→ **Task prompt**
Nothing but the lines from the start of the data through the line with "Pored fotografija objavila" should appear in the answer, each retyped exactly, and pictures should not.

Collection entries
################
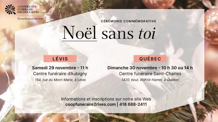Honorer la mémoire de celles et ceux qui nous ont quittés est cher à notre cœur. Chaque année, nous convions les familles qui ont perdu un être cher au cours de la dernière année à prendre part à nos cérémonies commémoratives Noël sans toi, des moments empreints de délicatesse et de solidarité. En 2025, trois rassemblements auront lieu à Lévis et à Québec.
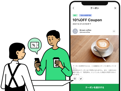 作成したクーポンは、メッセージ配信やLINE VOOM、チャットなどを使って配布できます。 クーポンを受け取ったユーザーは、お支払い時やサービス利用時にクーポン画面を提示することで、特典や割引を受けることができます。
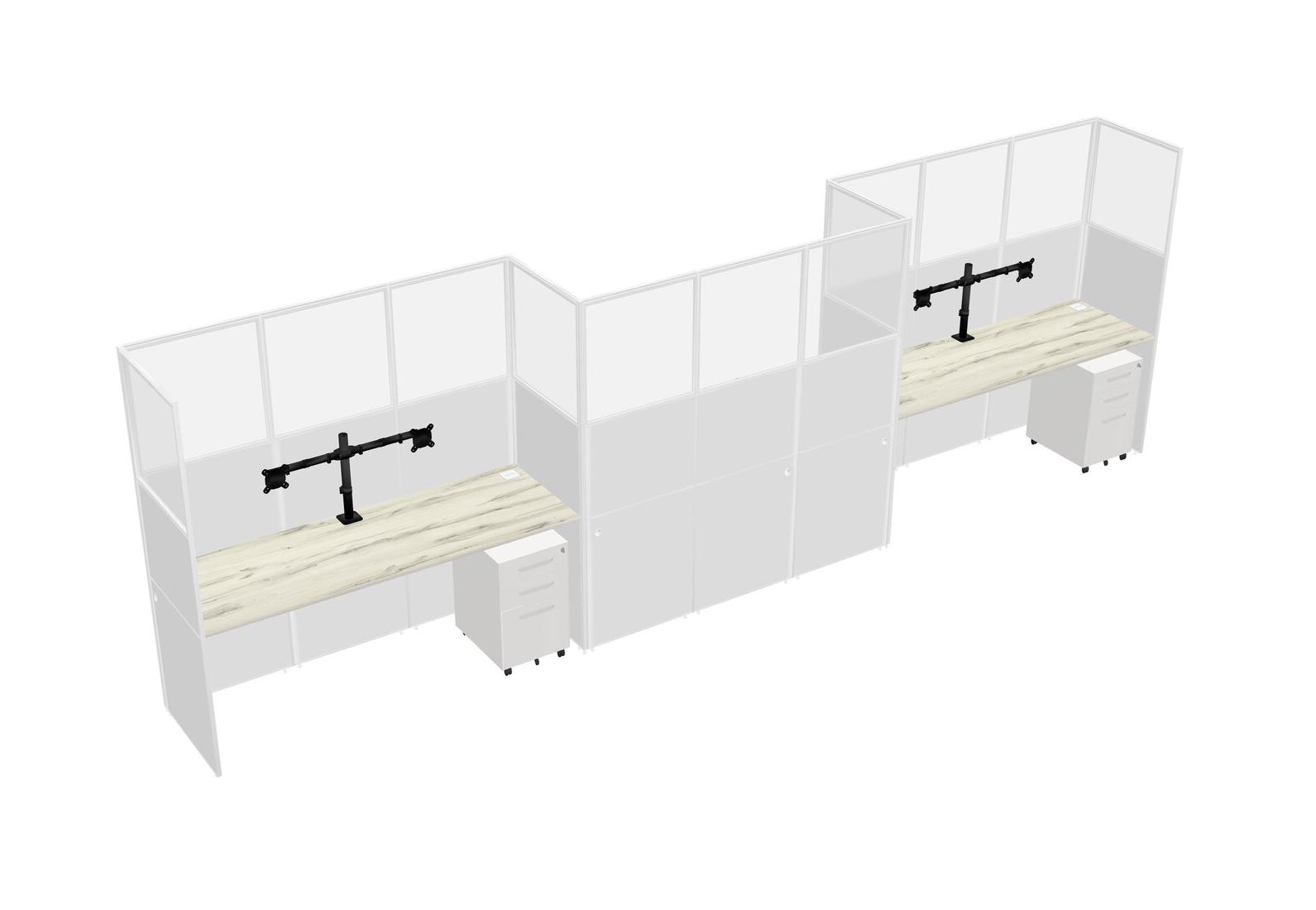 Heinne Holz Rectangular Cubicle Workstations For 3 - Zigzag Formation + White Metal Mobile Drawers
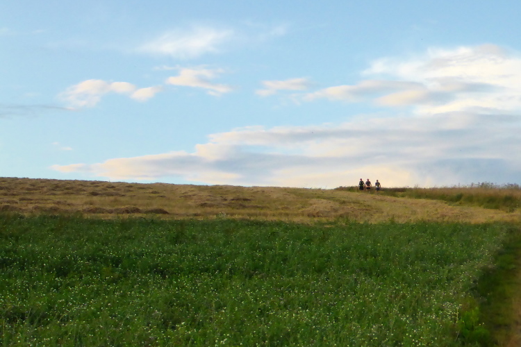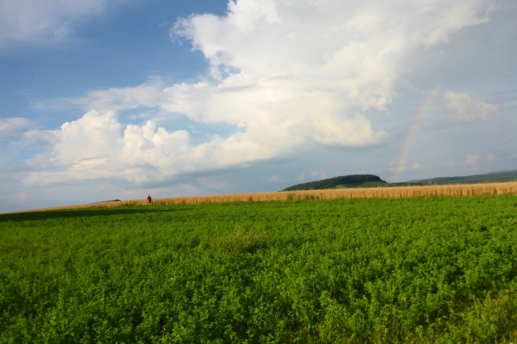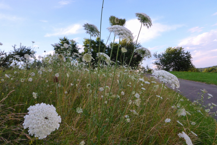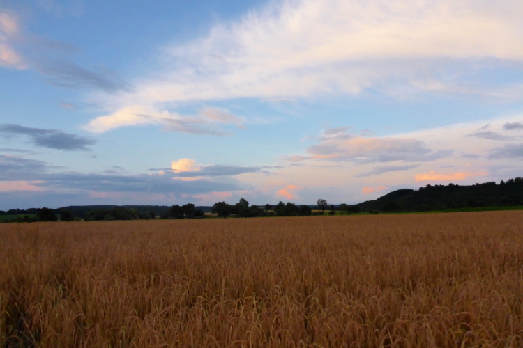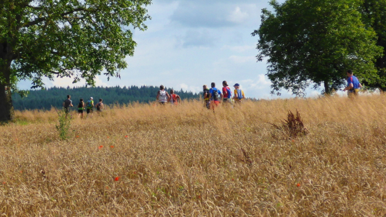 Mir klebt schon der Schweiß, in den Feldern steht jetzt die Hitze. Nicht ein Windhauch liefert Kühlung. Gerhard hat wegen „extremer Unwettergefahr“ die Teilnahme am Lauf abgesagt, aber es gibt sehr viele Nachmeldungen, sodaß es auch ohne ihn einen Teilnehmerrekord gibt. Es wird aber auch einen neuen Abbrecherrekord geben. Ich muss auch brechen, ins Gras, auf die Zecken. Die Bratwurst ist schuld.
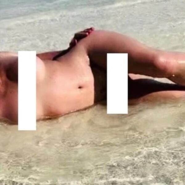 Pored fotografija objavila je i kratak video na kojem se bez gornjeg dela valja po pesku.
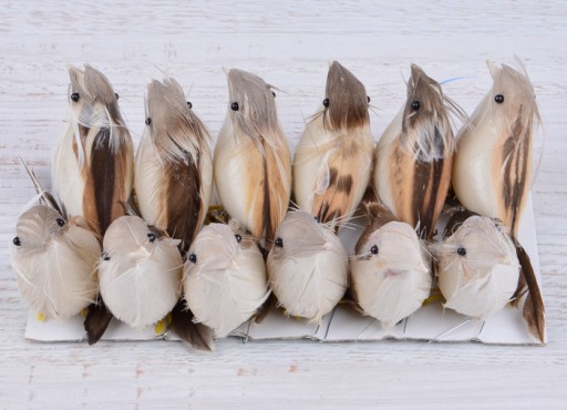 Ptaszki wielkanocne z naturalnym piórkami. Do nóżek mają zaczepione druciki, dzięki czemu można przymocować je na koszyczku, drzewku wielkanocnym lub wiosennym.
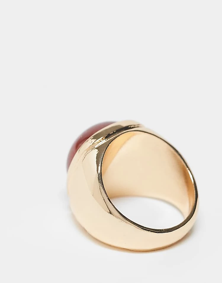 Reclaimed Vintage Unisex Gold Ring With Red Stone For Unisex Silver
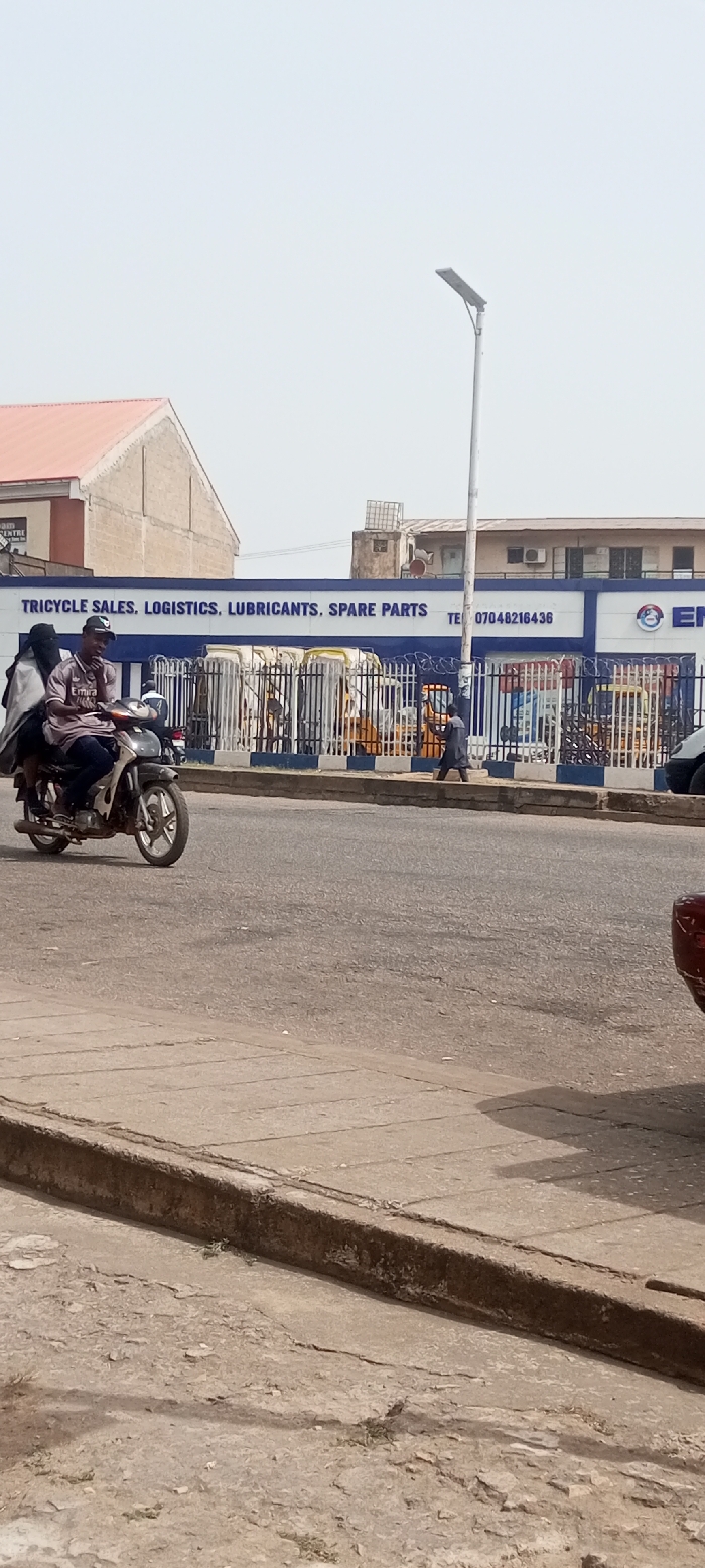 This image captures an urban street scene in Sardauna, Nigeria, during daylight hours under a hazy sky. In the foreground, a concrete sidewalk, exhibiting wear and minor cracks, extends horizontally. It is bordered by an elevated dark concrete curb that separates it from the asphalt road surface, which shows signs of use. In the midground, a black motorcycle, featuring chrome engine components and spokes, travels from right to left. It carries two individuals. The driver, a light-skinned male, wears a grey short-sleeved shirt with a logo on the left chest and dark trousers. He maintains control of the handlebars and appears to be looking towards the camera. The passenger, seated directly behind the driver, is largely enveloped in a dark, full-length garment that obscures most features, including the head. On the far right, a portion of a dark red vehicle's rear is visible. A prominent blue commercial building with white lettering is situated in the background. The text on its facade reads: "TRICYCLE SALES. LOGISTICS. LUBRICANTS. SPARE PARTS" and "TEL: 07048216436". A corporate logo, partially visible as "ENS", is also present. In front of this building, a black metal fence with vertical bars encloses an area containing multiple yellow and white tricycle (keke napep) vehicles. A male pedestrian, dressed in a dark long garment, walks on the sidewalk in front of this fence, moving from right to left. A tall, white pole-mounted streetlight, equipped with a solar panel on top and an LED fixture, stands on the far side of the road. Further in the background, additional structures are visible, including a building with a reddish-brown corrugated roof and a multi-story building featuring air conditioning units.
################
→ **Response to this exercise**
Honorer la mémoire de celles et ceux qui nous ont quittés est cher à notre cœur. Chaque année, nous convions les familles qui ont perdu un être cher au cours de la dernière année à prendre part à nos cérémonies commémoratives Noël sans toi, des moments empreints de délicatesse et de solidarité. En 2025, trois rassemblements auront lieu à Lévis et à Québec.
 作成したクーポンは、メッセージ配信やLINE VOOM、チャットなどを使って配布できます。 クーポンを受け取ったユーザーは、お支払い時やサービス利用時にクーポン画面を提示することで、特典や割引を受けることができます。
 Heinne Holz Rectangular Cubicle Workstations For 3 - Zigzag Formation + White Metal Mobile Drawers
 Mir klebt schon der Schweiß, in den Feldern steht jetzt die Hitze. Nicht ein Windhauch liefert Kühlung. Gerhard hat wegen „extremer Unwettergefahr“ die Teilnahme am Lauf abgesagt, aber es gibt sehr viele Nachmeldungen, sodaß es auch ohne ihn einen Teilnehmerrekord gibt. Es wird aber auch einen neuen Abbrecherrekord geben. Ich muss auch brechen, ins Gras, auf die Zecken. Die Bratwurst ist schuld.
 Pored fotografija objavila je i kratak video na kojem se bez gornjeg dela valja po pesku.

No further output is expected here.